═════ Records to process ═════

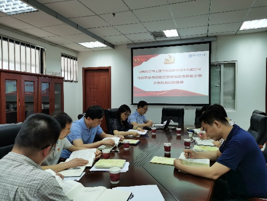 赵允玉书记首先传达了《关于深入学习贯彻习近平总书记给淮安新安小学少先队员重要回信精神,深化党史学习教育的通知》精神,领读了习近平总书记给淮安新安小学少先队员的重要回信,回顾了新安小学红色校史中“新安旅行团”以文艺为武器宣传抗日救亡的光辉事迹;之后,领学了习近平总书记青海考察时的重要讲话精神,并将习近平总书记重要回信精神和青海考察重要讲话学习与习近平总书记《以史为镜、以史明志、知史爱党、知史爱国》重要文章学习相结合,作为党史学习教育的重要内容,创新学习方式方法,扎实推进党史学习教育。
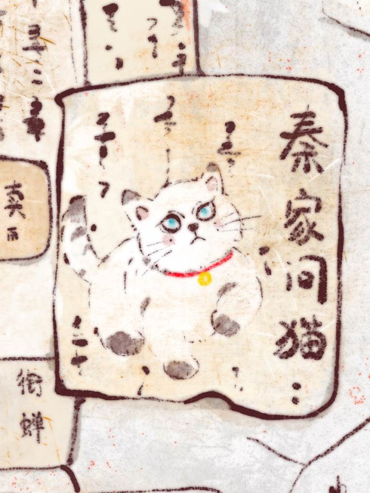 桃花塢柳樹灣南十里秦家,有花奴忘歸,雖是牡貓,但扇了蛋,四肢圓,發白勝,爪沾墨,藍眼,頸下系鈴,不能捉鼠,尋得賞錢面議。
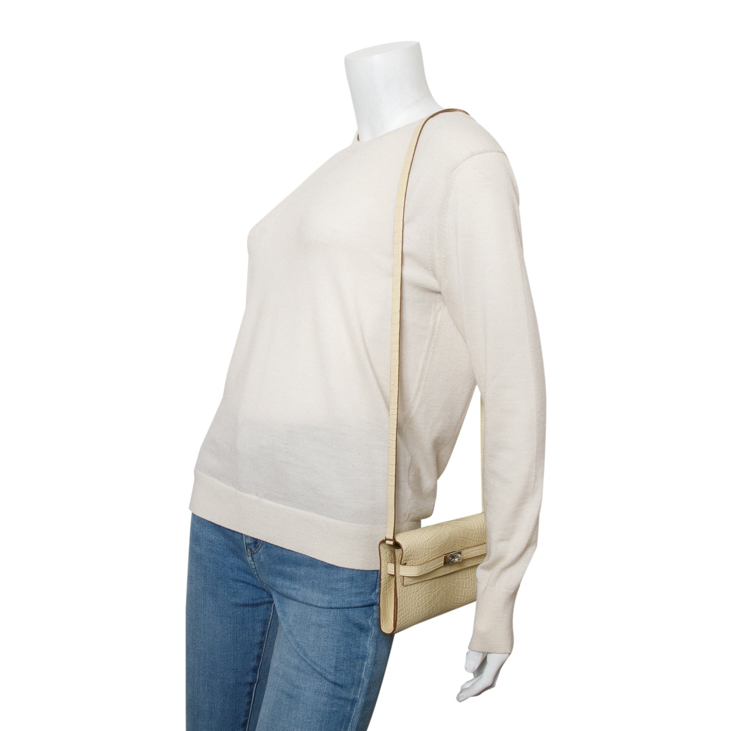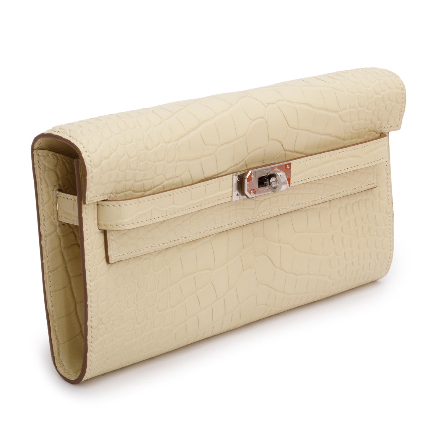 2023 Vanille Alligator Mat Kelly Wallet To Go w/ Strap & Box
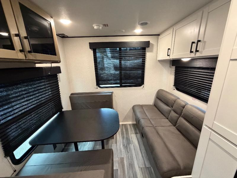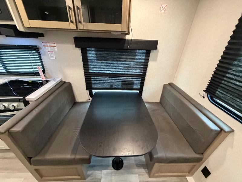 Camping in the woods is just what the doctor ordered and this trailer will provide all the interior comforts you need! There is a three burner cooktop and a microwave oven to prepare meals each day, plus an 8 cu. ft. 12V refrigerator for cold items. After your meal is made, you can dine at the booth dinette or relax on the jack-knife sofa, and these areas can become sleeping space for two to three guests at night. The full bath with a shower means you won't have to use the camp's facilities and the 16' power awning will provide protection from the sun as you visit with other campers!
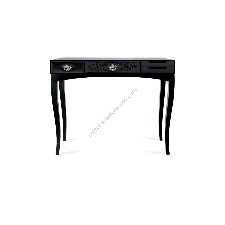 This console bases is made from wood and tempered glass and 5 drawers compose it. Its base is made in lacquered wood. It contains drawers with: handcrafted fronts lacquered in white; fronts made in maquetry and brass handles; fronts with golden leaf and fronts lacquered in blue.
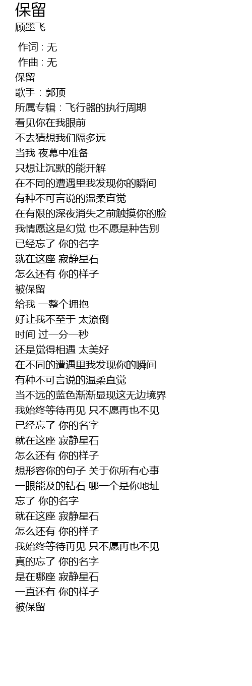 保留 bao liu Lyrics
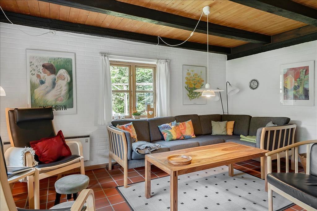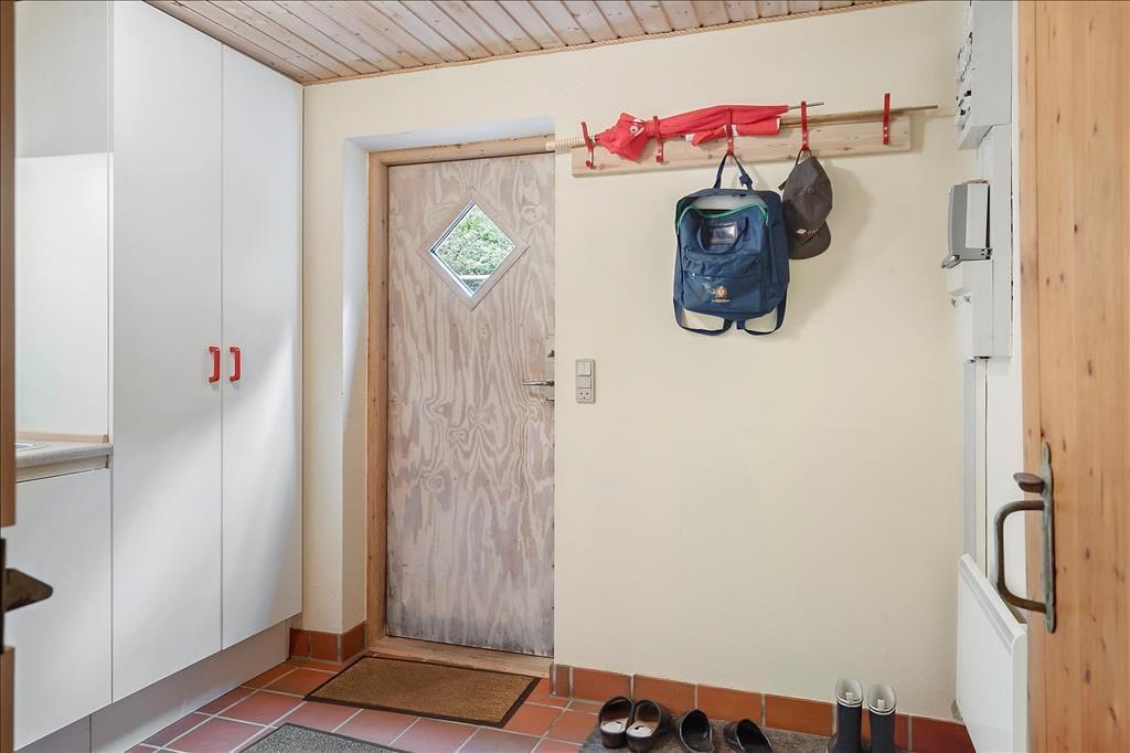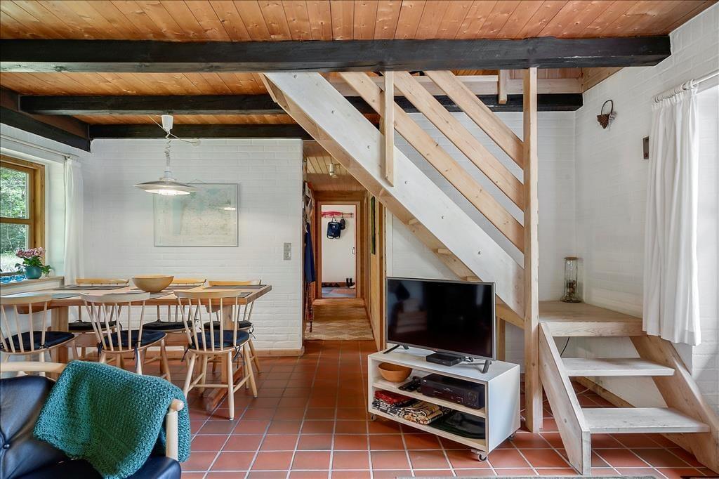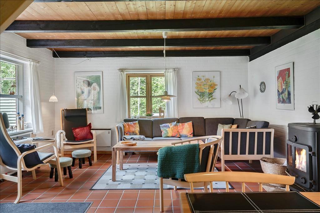 Ein schönes, helles und gemütlich eingerichtetes Ferienhaus in Vester Husby. Die Wohnfläche dieses ansprechenden Urlaubsdomizils erstreckt sich über zwei Stockwerke. Das Erdgeschoss empfängt Sie mit einem Wohnraum, in dem gute Möbel rund um den Kaminofen zu entspannten und gemütlichen Stunden einladen. Vom Wohnraum genießen Sie einen direkten Zugang auf die schöne, gen Süden gerichtete Terrasse. Außerdem ist dort die Treppe platziert, über die Sie hinauf in das obere Stockwerk gelangen, in dem Sie ein Schlafraum mit einem Doppelbett erwartet. In teilweise offener Verbindung zum Wohnraum lockt die gut ausgestattete Küche, in der Ihnen unter anderem ein Geschirrspüler und ein Herd bei der Erledigung Ihrer alltäglichen Aufgaben behilflich sind. Das Erdgeschoss beherbergt darüber hinaus drei Schlafräume mit Einzelbetten. Besondere Erwähnung verdient außerdem der wunderbar große Hauswirtschaftsbereich, der mit einer Waschmaschine und einem direkten Zugang zur teilweise geschlossenen Terrasse zu überzeugen weiß.

═════

Pictures excluded, repeat the records exactly from their opening line through the line containing "2023 Vanille Alligator".

 赵允玉书记首先传达了《关于深入学习贯彻习近平总书记给淮安新安小学少先队员重要回信精神,深化党史学习教育的通知》精神,领读了习近平总书记给淮安新安小学少先队员的重要回信,回顾了新安小学红色校史中“新安旅行团”以文艺为武器宣传抗日救亡的光辉事迹;之后,领学了习近平总书记青海考察时的重要讲话精神,并将习近平总书记重要回信精神和青海考察重要讲话学习与习近平总书记《以史为镜、以史明志、知史爱党、知史爱国》重要文章学习相结合,作为党史学习教育的重要内容,创新学习方式方法,扎实推进党史学习教育。
 桃花塢柳樹灣南十里秦家,有花奴忘歸,雖是牡貓,但扇了蛋,四肢圓,發白勝,爪沾墨,藍眼,頸下系鈴,不能捉鼠,尋得賞錢面議。
 2023 Vanille Alligator Mat Kelly Wallet To Go w/ Strap & Box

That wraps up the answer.